Long read sequencing is better suited to building high quality transcriptomes than short read sequencing as the longer read length retains more information and context about the original RNA molecule. A commonly used analogy when describing assembly is to imagine the genome as a puzzle that needs to be put back together. The smaller the pieces, the more difficult the puzzle. A puzzle made of larger pieces is much easier to put back together and reconstruct the original RNA sequence.
3.2.4 Gene Fusion Detection
RNAseq can have clinical applications. One such application is the detection of fusion genes - these can arise due to chromosomal rearrangements combining the coding regions of two genes. These genes can produce aberrant proteins and lead to cancer development if the fused genes are oncogenes or tumor suppresor genes. Therefore, detection of fusion genes can be an important diagnostic tool in clinical settings as well as for cancer research.
3.2.5 ’Omics Integration
RNAseq data can be combined with other types of genome wide to provide deeper insights into gene regulation and molecular function. Combining with epigenetic data such as ChIPseq and ATACseq can be used to examine gene regulatory networks in a tissue of interest. There are tools that can take chromatin data and trancriptomic data to classify transcription factor activity as either activating and repressive on target genes. DNA methylation and histone modifications can also be correlated with gene expression data .

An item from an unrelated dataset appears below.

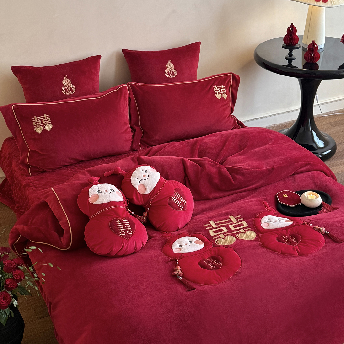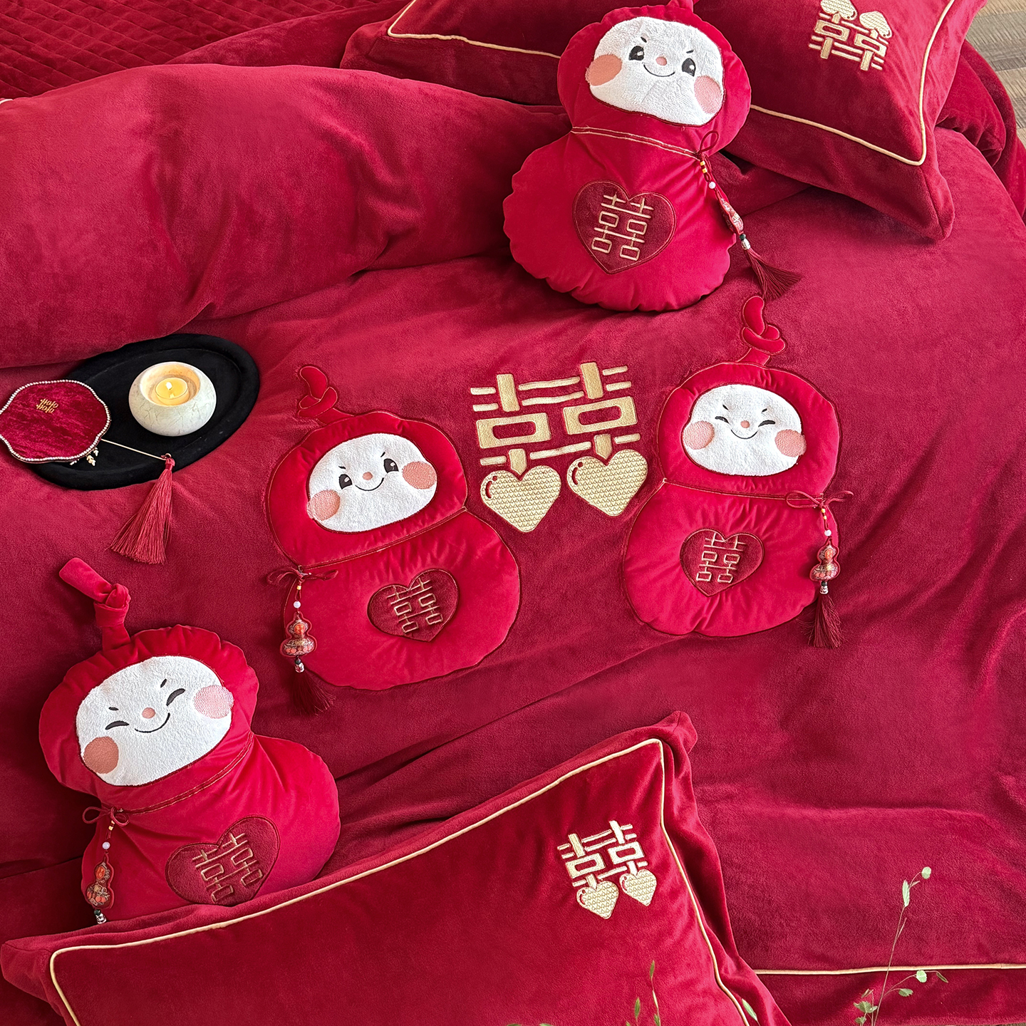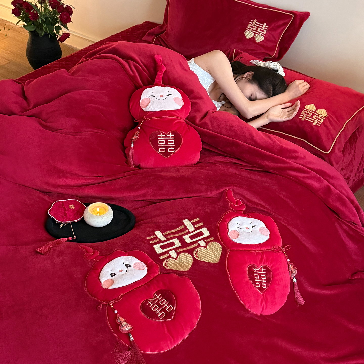 新婚福娃结婚庆牛奶绒四件套冬季刺绣绒喜嫁加厚保暖绒陪嫁娶被套 - 凯尔家纺1企业店

RNAseq data combined with DNA sequencing data enables the link between genotype and gene expression to be studied. Genetic variation has been shown to affect the expression of genes. Identification of single nucleotide polymorphism (SNPs) or structural variants (SV) from the genomic data can be used with the RNAseq data to identify expression quantitative trait loci (eQTLs) - genetic loci that explain variation in mRNA levels.

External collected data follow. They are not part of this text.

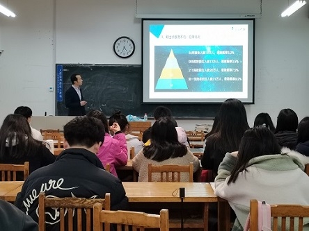 接着,石老师分析了目前考研形势,从报考人数、硕士点分布及招录、竞争对手情况等方面入手,深化了同学们对考研的认识。最后,他着重讲解了院校专业选择,从专业范围和硕士类型入手,锁定意向专业和意向地区,确定意向硕士点,进行竞争难度和自我竞争力分析,最后确定目标。会后,以抽奖的形式赠送了五本考研书籍和其他英语资料,为参会员工送上考研祝福。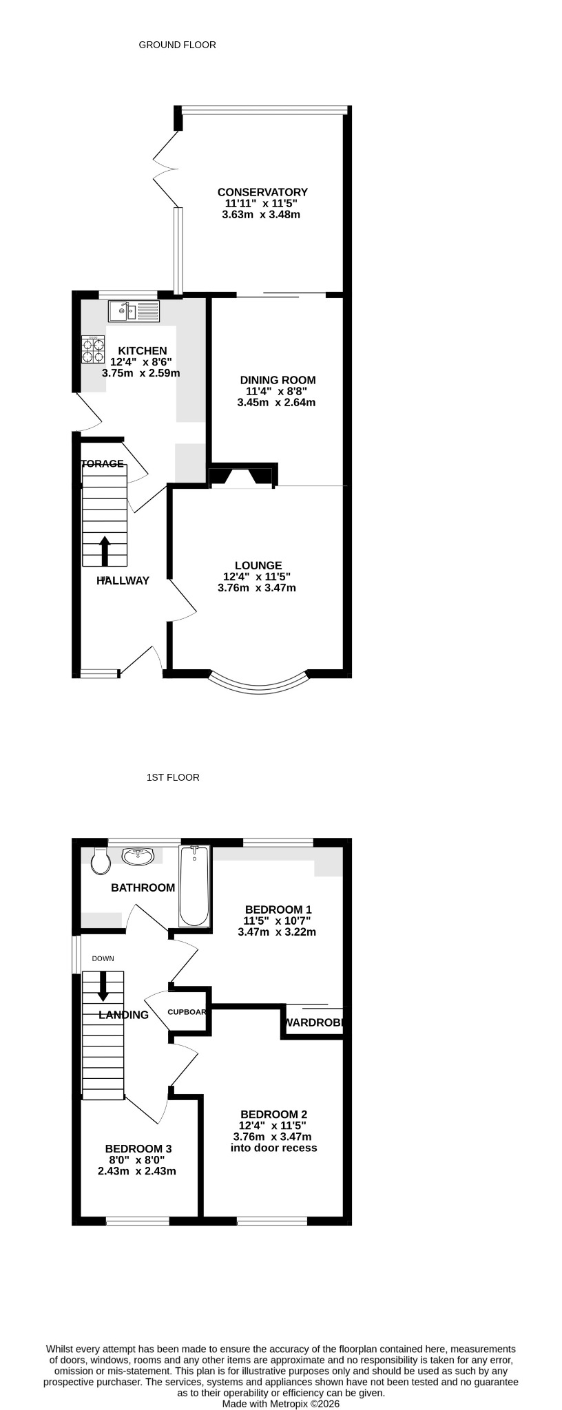 12' 4" (3.76m) x 11' 5" (3.48m)::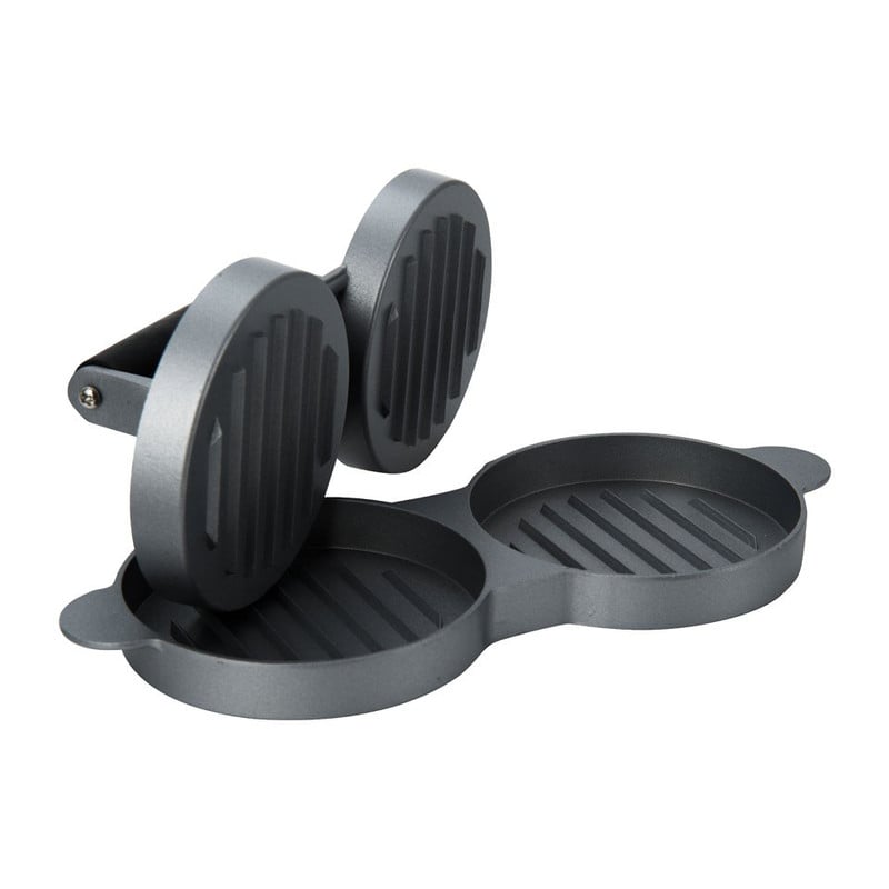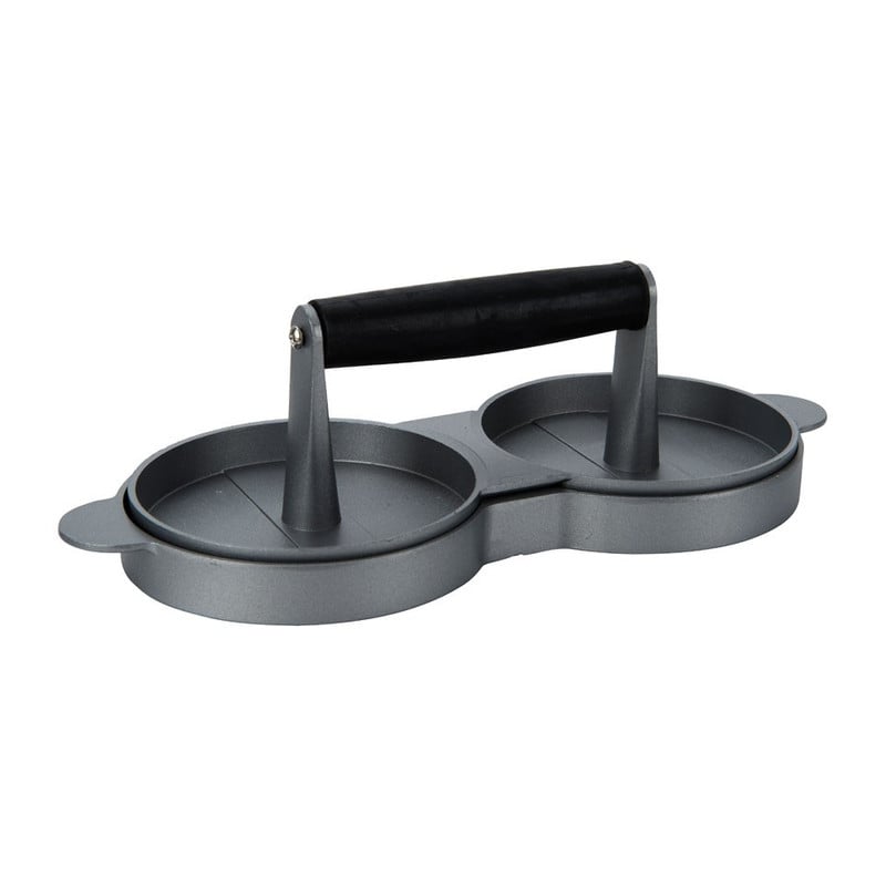 De lekkerste hamburgers maak je zelf met deze hamburgerpers voor 2 hamburgers. De pers is gemaakt van aluminium heeft een handvat met anti-slip laag, zodat deze niet uit je handen glijdt. De burger kun je na het persen op de grill of barbecue leggen, zonder dat deze uit elkaar valt. De pers is geschikt voor 2 hamburgers met een diameter van 11 cm.

Multiomic integration analyses tend to be complex and are rarely straightforward. Depending on the type of data being integrated, little or not correlation might be found between the two data types. Proteomic data for example generally has low correlation with RNAseq data.
Discussion: Design A Bulk RNAseq Experiment
You want to examine the impact of several different growth conditions in a specific bacterial strain and your interest is mostly in changes to gene expression. A side goal of your project is to look at small RNA changes. Assuming you have no limitations on your budget, what are some considerations you’d have in designing a potential RNAseq experiment for this project?
3.3 Before you begin an experiment: some questions to consider…
The questions below are a few that might help in planning an experiment:
- do you want to assay changes in gene expression?
- do you want to identify novel transcripts?
- do you intend to study transcriptomic changes in individual cells or the tissue level? (single versus bulk RNAseq)
- do you want to characterise isoforms/study alternative splicing? (short versus long read sequencing)
- will you pull down transcripts with a poly A tail (poly-A selection) or deplete ribosomal genes (ribo depletion)? Does your organism produce mRNA with a polyA tail?
- single end or paired end sequencing?
- does your organism of interest have an annotated reference genome or will you need to assemble a transcriptome?
- are you going to align against the genome or transcriptome?
- how many different conditions are you testing? How many replicates do you have for each condition? Do you have a control condition?
- how complex is the experiment? Will you be able to collect all the samples you need in one experiment or are you going to have to do multiple batches?
- how inbred is your organism? If the organism of interest is not inbred, what level of genetic variation exists between your individuals?
- what is your budget? How many samples can you afford to sequence?
- does the data have already established analysis workflows or are you going to have to do it from scratch?